On New Year's Eve, the rover started carrying out the four-sol activity plan we completed Dec. 29. This site was so interesting that we backtracked to get to where the rover was parked for this plan. In the workspace in front of the rover, we have some very peculiar targets that warranted some additional interrogation. From orbit, this location has a very interesting appearance, with bluer hues being observed in High Resolution Imaging Science Experiment camera data onboard the Mars Reconnaissance Orbiter. On the ground, we are making Alpha Particle X-ray Spectrometer measurements on two targets, Haroldswick (the dark toned "stick"-like features observed in this Mastcam image from sol 1905) and the Raasay target. We are using these observations to help characterize the interesting compositional variability observed at this location even further. We also planned several ChemCam activities to aid in understanding this ever-evolving compositional story Curiosity is unraveling. In all, while the science and engineering teams took some time off over the holiday season, Curiosity was hard at work on Mars.
Sols 1925-1926 update by Michelle Minitti: Off to the races (3 Jan 2018)
Curiosity's hard work over the holiday break paid off, giving the science team a rich collection of new data to assess and a new workspace to explore. The science team certainly got the year off to a bang with a very full plan at our new parking spot!

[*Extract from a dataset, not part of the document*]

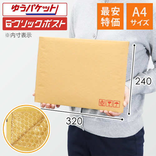 ゆうパケット、クリックポスト、クロネコDM便の最大サイズで、A4が入る仕様です。

The layered rocks in the workspace extend away from the rover like a staircase, and our observations were aimed at "walking" up the staircase to survey similarities and differences in the layers on our journey. We started near the bottom of the workspace, acquiring MAHLI mosaics on layers in the targets "Jura" (the triangular-shaped target immediately in front of the rover) and "Crinan." About halfway up the staircase, we stopped at the target "Assynt" for MAHLI imaging and chemistry measurements with ChemCam and APXS. A few more steps up brought us to the target "Barra," which we analyzed with ChemCam. Finally, at the farthest point where the arm could reach (the upper right edge of the above image) we acquired MAHLI images and ChemCam data from the target "Elgin." We acquired Mastcam multispectral observations, which tell us something about the iron-bearing minerals in the rock, in a continuous swath from Crinan to Elgin, and tracked the layers from in front of us to the right of the rover using a 5x2 Mastcam stereo mosaic.
While mostly busy looking at the rocks in front of us, we paused to take an afternoon glance skyward to look for clouds and dust devils, and measure the amount of dust in the atmosphere. The bountiful workspace meant that we did not drive, so we will remain here to start our weekend plan, allowing the science team to follow up on the observations made today.